## TO DO
Copy the records below word for word, from the first line through the line that contains "Lampe brûle parfum.", and leave out any pictures.
** SOURCE INFORMATION follows **
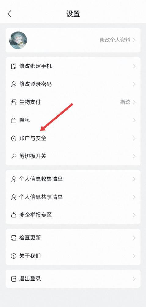 2、在設(shè)置頁面,點擊賬戶與安全的選項,進入賬戶安全相關(guān)設(shè)置。
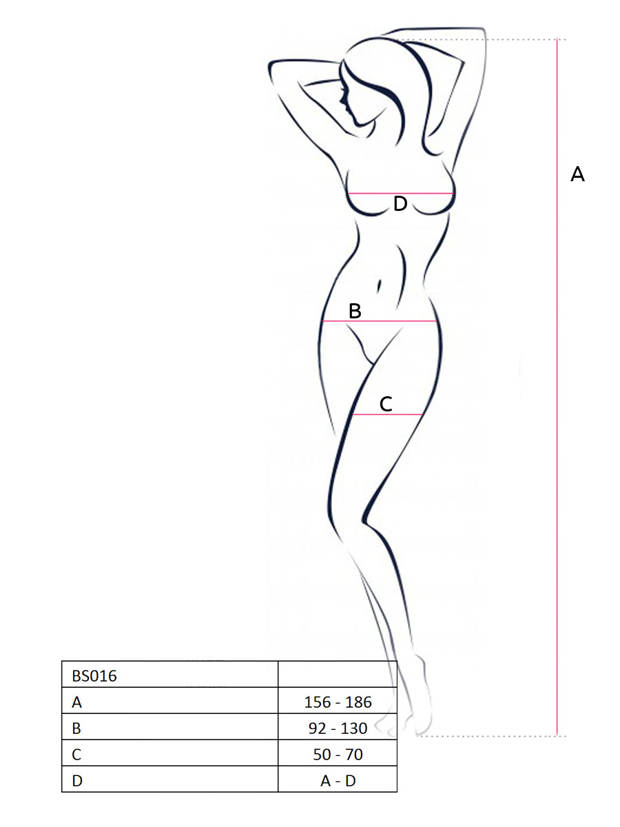Ovaj visokokvalitetni bodystocking dostupan je u jednoj univerzalnoj veličini. Izrađen je od visokokvalitetnih materijala – 80% poliamid i 20% elastina, obezbeđujući udobnost i rastegljivost koja omogućava da se savršeno prilagodi vašem telu. Univerzalna veličina S-L garantuje da će se savršeno pristajati na svaku figuru.
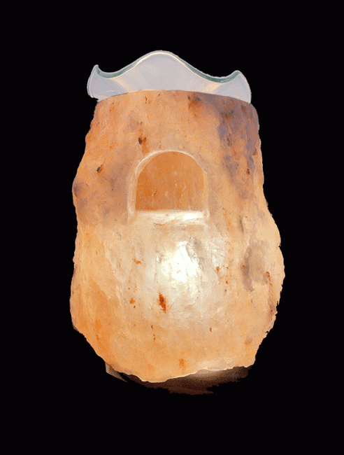 Lampe brûle parfum. C'est l'ampoule qui chauffe la coupelle en verre. Nul besoin de bougie. La coupelle en verre est fournie. Trois plots en plastique font office de socle.
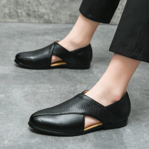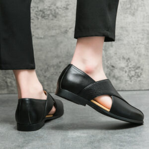Crafted from genuine leather, these loafers showcase a sleek, minimalist design accented by distinctive cross-straps on the vamp featuring a finely textured weave, adding a refined touch. Equipped with a supportive sole, they ensure a comfortable fit for all-day wear.
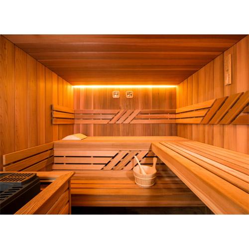 -Indirect LED licht in vals plafond, inclusief saunalamp.
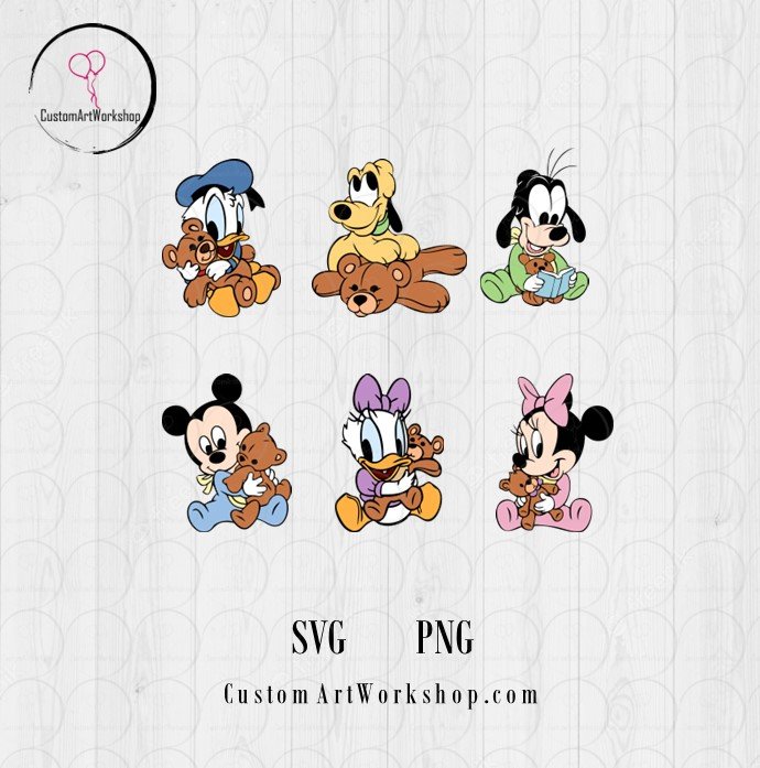 Baby Mickey & Friends with Teddy Bear Clipart Instant Download
** End of SOURCE INFORMATION **
## WRITTEN RESPONSE
 2、在設(shè)置頁面,點擊賬戶與安全的選項,進入賬戶安全相關(guān)設(shè)置。
Ovaj visokokvalitetni bodystocking dostupan je u jednoj univerzalnoj veličini. Izrađen je od visokokvalitetnih materijala – 80% poliamid i 20% elastina, obezbeđujući udobnost i rastegljivost koja omogućava da se savršeno prilagodi vašem telu. Univerzalna veličina S-L garantuje da će se savršeno pristajati na svaku figuru.
 Lampe brûle parfum. C'est l'ampoule qui chauffe la coupelle en verre. Nul besoin de bougie. La coupelle en verre est fournie. Trois plots en plastique font office de socle.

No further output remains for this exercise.